Laboratory Abnormalities: Anemia, Neutropenia, Elevated liver enzymes (AST/ALT).


Serious Adverse Reactions (Requiring Urgent Intervention)

| Adverse Reaction Type | Incidence        | Intervention Measures

| Hepatotoxicity            | 10%–15%  | Monitor liver function regularly; suspend treatment and reduce dose if anorexia, jaundice, or right upper quadrant pain occurs.

| Neurotoxicity         | 5%–10%   | Permanently discontinue treatment if confusion, seizures, or ataxia occurs.

| QT Interval Prolongation    | <5%          | Monitor ECG at baseline and mid-cycle; suspend treatment if QTc > 500 ms. VI. Contraindications and Precautions

1. Contraindications:

- Patients with hypersensitivity to larotrectinib or to any of the excipients.

2. Key Warnings:

Hepatotoxicity: Monitor liver function prior to treatment and every 4 weeks thereafter; dose adjustment is required for patients with moderate to severe hepatic impairment. 
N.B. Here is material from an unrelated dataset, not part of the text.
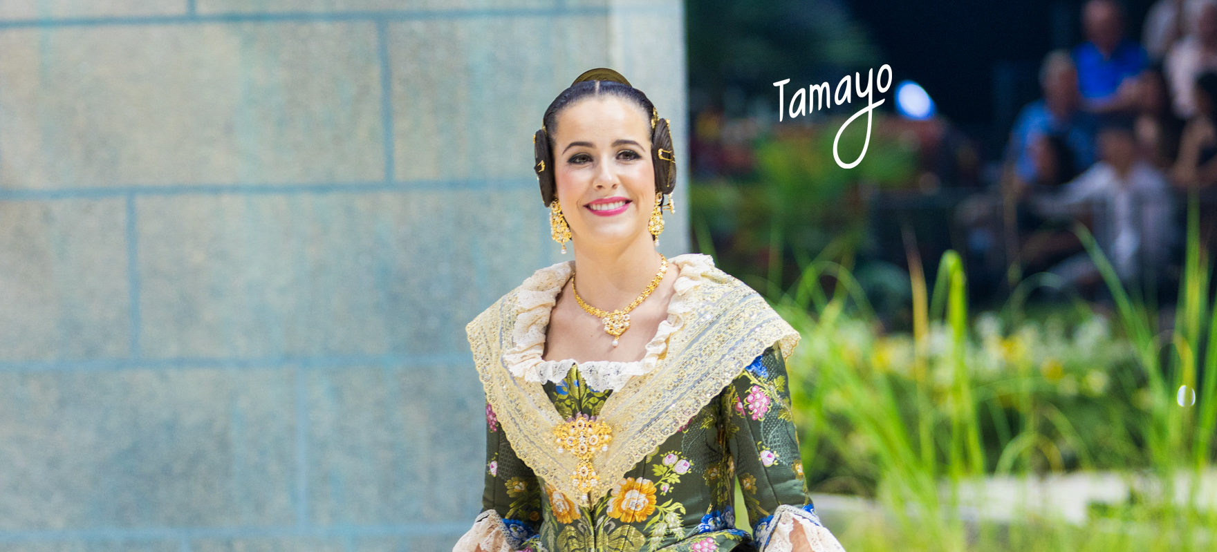 Para su elección como Fallera Mayor, Daniela confió en Amparo Fabra, eligiendo personalmente la tela de seda estrecha San Jaime en fondo piedra de Borghia, que bajo la luz adquiere un tono verde oliva oscuro.

Embryo-fetal Toxicity: Contraindicated in pregnant women (animal studies have demonstrated teratogenicity); patients of reproductive potential must use effective contraception during treatment and for 1 week following the last dose. 

Lactation: Breastfeeding is prohibited during treatment and for 1 week following the last dose.

3. Drug Interactions:

Strong CYP3A4 Inhibitors (e.g., ketoconazole): ↑ Larotrectinib plasma concentrations → Avoid co-administration or reduce dose. 

Strong CYP3A4 Inducers (e.g., rifampin): ↓ Larotrectinib efficacy → Co-administration is contraindicated.


VII. Use in Specific Populations

Pediatric Patients: Safety and efficacy have been established (including infants ≥1 month of age); dosage must be adjusted based on body surface area.

Geriatric Patients (≥65 years): No dose adjustment is required; however, enhanced monitoring of liver function and neurological status is recommended.

Hepatic/Renal Impairment:

- Mild Hepatic Impairment (Child-Pugh A): No dose adjustment is required.

- Moderate to Severe Hepatic Impairment (Child-Pugh B/C) or Renal Impairment: Data are limited; use with caution.


Summary and Key Points

1. Genetic Testing is a Prerequisite: Indicated only for solid tumors harboring an *NTRK* gene fusion; confirmation via molecular testing is mandatory prior to treatment initiation.

2. Significant Benefits in Pediatric Patients: Demonstrates high response rates in pediatric tumors (e.g., infantile fibrosarcoma); the oral solution formulation facilitates administration in younger patients.

3. Long-term Safety Management: Focus on monitoring for hepatotoxicity and neurotoxicity; conduct periodic assessments of liver function, ECGs, and neurological symptoms.